▸ The records:
-----

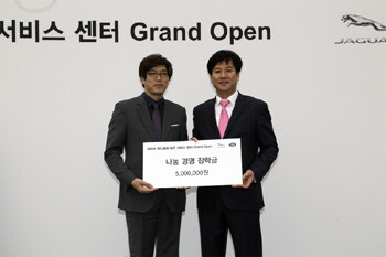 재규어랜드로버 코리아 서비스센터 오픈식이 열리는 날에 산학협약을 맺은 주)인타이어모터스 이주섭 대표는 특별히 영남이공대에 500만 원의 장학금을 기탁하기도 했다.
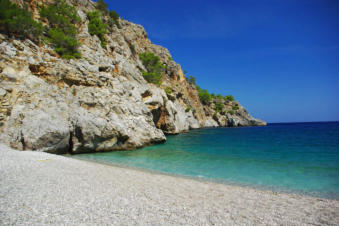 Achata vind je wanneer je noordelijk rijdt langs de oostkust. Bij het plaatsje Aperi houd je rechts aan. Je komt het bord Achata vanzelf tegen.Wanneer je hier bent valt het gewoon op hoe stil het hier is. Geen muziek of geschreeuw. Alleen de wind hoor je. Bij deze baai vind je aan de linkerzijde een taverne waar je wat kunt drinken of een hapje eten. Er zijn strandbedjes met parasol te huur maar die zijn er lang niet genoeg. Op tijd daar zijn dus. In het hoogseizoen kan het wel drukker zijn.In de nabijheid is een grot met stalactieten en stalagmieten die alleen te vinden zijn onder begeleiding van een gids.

-----

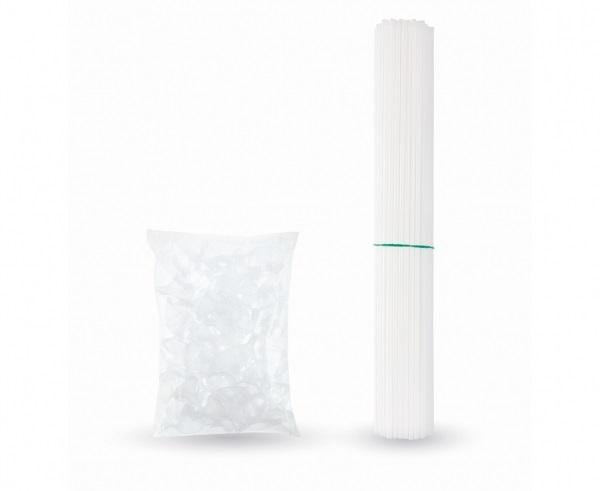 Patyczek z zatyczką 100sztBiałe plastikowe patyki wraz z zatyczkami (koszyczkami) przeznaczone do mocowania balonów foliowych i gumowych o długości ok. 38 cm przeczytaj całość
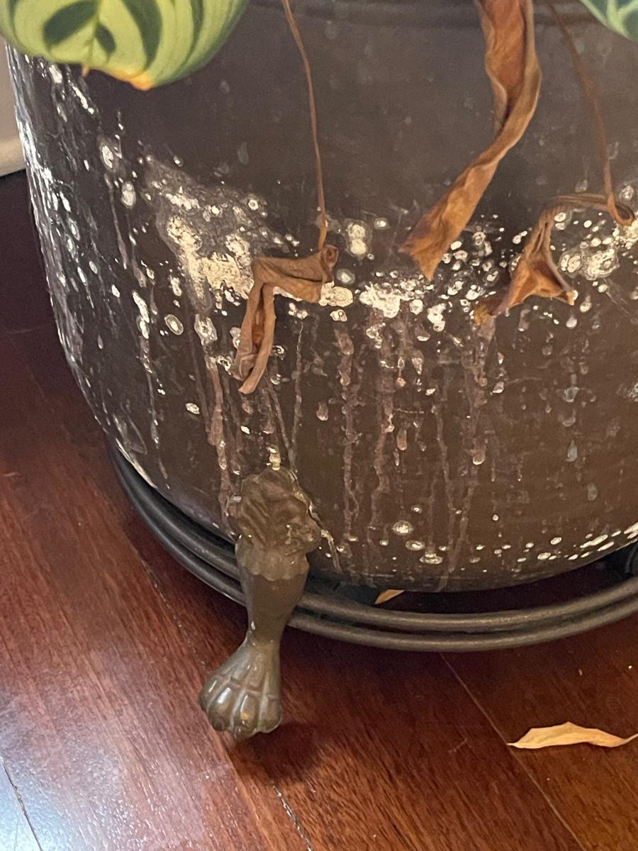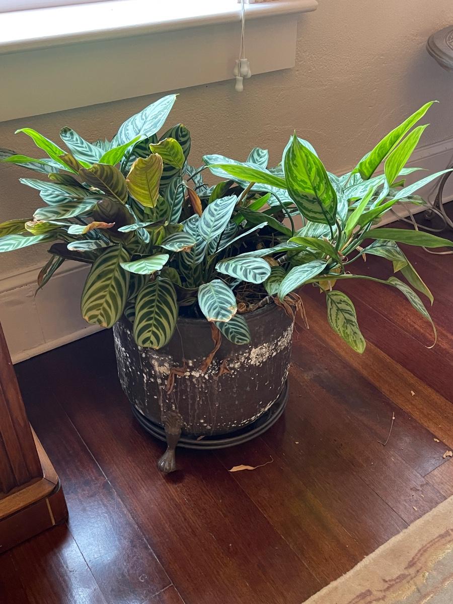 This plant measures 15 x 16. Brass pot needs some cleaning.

-----

▸ Task instructions: Reproduce the data above exactly, but only from the line containing "재규어랜드로버 코리아 서비스센터" through the line containing "Achata vind je". Omit all pictures.

▸ Task solution:
 재규어랜드로버 코리아 서비스센터 오픈식이 열리는 날에 산학협약을 맺은 주)인타이어모터스 이주섭 대표는 특별히 영남이공대에 500만 원의 장학금을 기탁하기도 했다.
 Achata vind je wanneer je noordelijk rijdt langs de oostkust. Bij het plaatsje Aperi houd je rechts aan. Je komt het bord Achata vanzelf tegen.Wanneer je hier bent valt het gewoon op hoe stil het hier is. Geen muziek of geschreeuw. Alleen de wind hoor je. Bij deze baai vind je aan de linkerzijde een taverne waar je wat kunt drinken of een hapje eten. Er zijn strandbedjes met parasol te huur maar die zijn er lang niet genoeg. Op tijd daar zijn dus. In het hoogseizoen kan het wel drukker zijn.In de nabijheid is een grot met stalactieten en stalagmieten die alleen te vinden zijn onder begeleiding van een gids.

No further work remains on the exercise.